At least three Louisiana courts of appeal have suggested that the challenging party must bring the Daubert challenge by pre-trial motion. To my knowledge, the first court to do so in a civil case was the Louisiana Fourth Circuit in Brown v. Schwegmann, 958 So. 2d 721 (La. App. 4 Cir. 2007).

The defendant-appellant in Brown argued on appeal that the plaintiff’s expert on damages used a deficient methodology in his calculations. The appellant’s main problem was failure to object to the expert’s testimony at trial. But the Fourth Circuit also noted that the appellant “failed to move for a Daubert hearing as to the admissibility of [the expert’s] testimony prior to trial.” Id. at 724. The court held that the appellant failed to preserve his Daubert challenge for two reasons. The first was his failure to object at trial. The second was his failure to file a pre-trial Daubert motion. “[W]hen the objecting party fails to request a Daubert hearing, objections to the admissibility of an expert witness’s testimony under Daubert are not preserved for appeal.” Id.

Since Brown was decided, two more Louisiana courts of appeal in civil cases have followed its pronouncement concerning the necessity of a pre-trial hearing to preserve a Daubert challenge for appeal. See Harris v. State, Dept. of Transp. & Dev., 997 So. 2d 849, 868 (La. App. 1 Cir. 2008), and Wilczewski v. Brookshire Grocery Store, 2 So. 3d 1214, 1223–24 (La. App. 3 Cir. 2009).

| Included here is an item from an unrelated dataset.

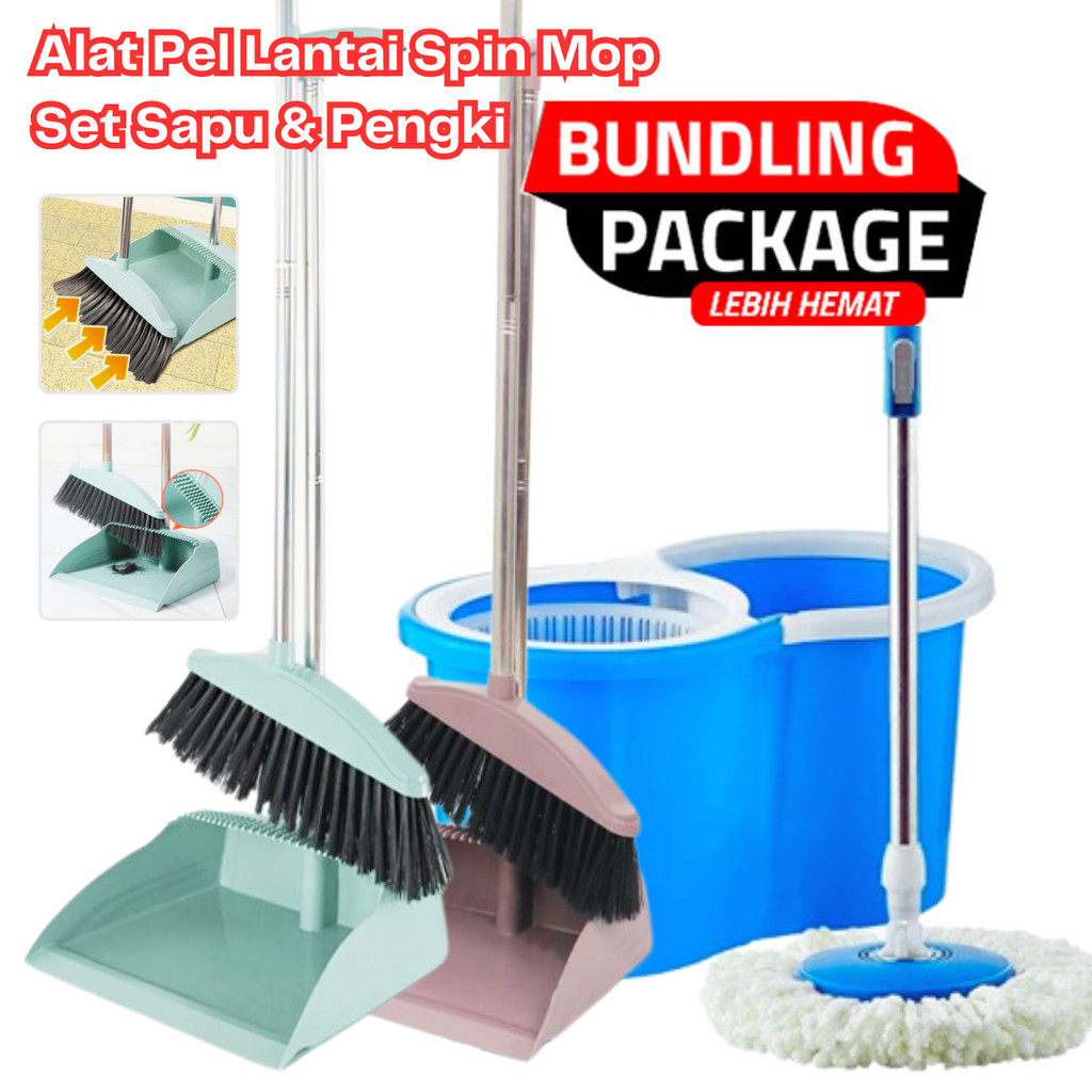 Paket Bundle Hemat Pel Lantai Ultra Mop Aclima Spin Mop + Sapu Pengki Set - Package Alat Kebersihan
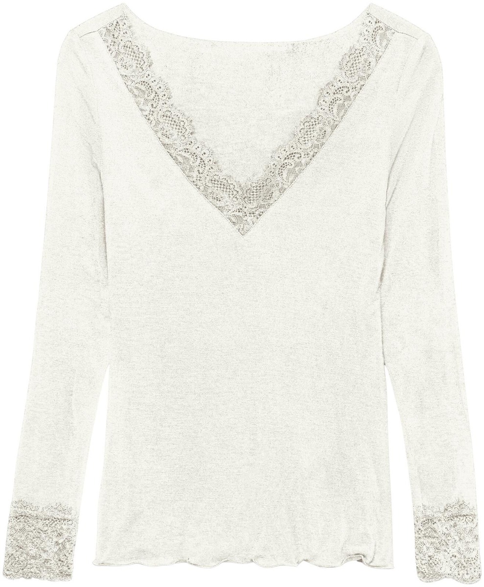 Pitkähihainen trikoopusero pitsiyksityiskohdilla.

These decisions appear to illustrate a more general principle: when the Code of Civil Procedure or other legislation establishes a specific procedure for obtaining a particular ruling from a trial court, litigants must follow that procedure to preserve the issue for appeal. This principle accords with the definition of preservation of error that we saw in the first post of this series: that preservation of error requires “the taking of all steps necessary under the rules of procedure ... in bringing an improper act or statement to the trial court’s attention ....” Black's Law Dictionary 1375 (Bryan A. Garner, ed., 10th ed.,Thomson Reuters 2014).

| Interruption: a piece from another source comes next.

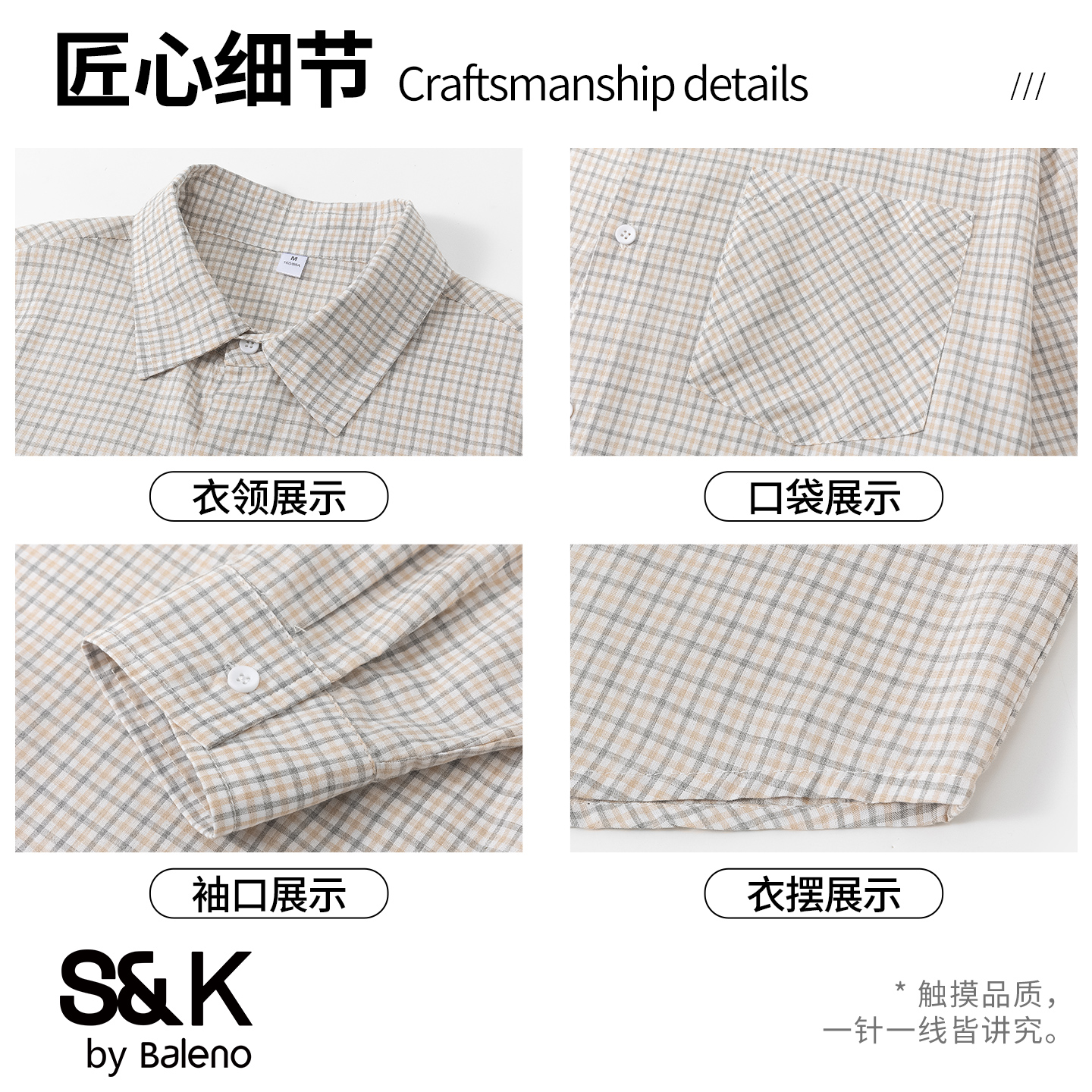 男款 衬衫 港风百搭宽松休闲衬衣MS 细格子长袖 班尼路SK2025春秋新款

This analysis raises another question: do Brown and similar cases apply to an argument that a witness is not qualified as an expert? Whether a witness qualifies as an expert is a distinct question from whether the witness’s opinions are reliable under Daubert. See Cheairs v. State, Dept. of Transp. & Dev., 861 So. 2d 536, 542–43 (La. 2003)Brown and the cases following it were concerned with Daubert challenges, not challenges to the witnesses’ qualifications as experts. Yet the legislation on which they are based, La. Code Civ. P. art. 1425(F), applies to both the witness’s qualification as an expert and the reliability of the witness’s opinions under Daubert.

I don’t know the answer to this question. Traditionally, the ruling on a witness’s qualification as an expert does not occur until trial, and only after the proponent of the witness’s testimony has elicited testimony establishing the witness’s qualifications.

Usually, this question is moot because a motion in limine to exclude expert testimony usually includes an attack on the witness’s qualifications if a credible attack can be made. My suggestion to anyone seeking to exclude purported expert testimony for any reason is to file a motion under art. 1425(F) and to include in the motion all arguments against admissibility of the purported expert’s opinions.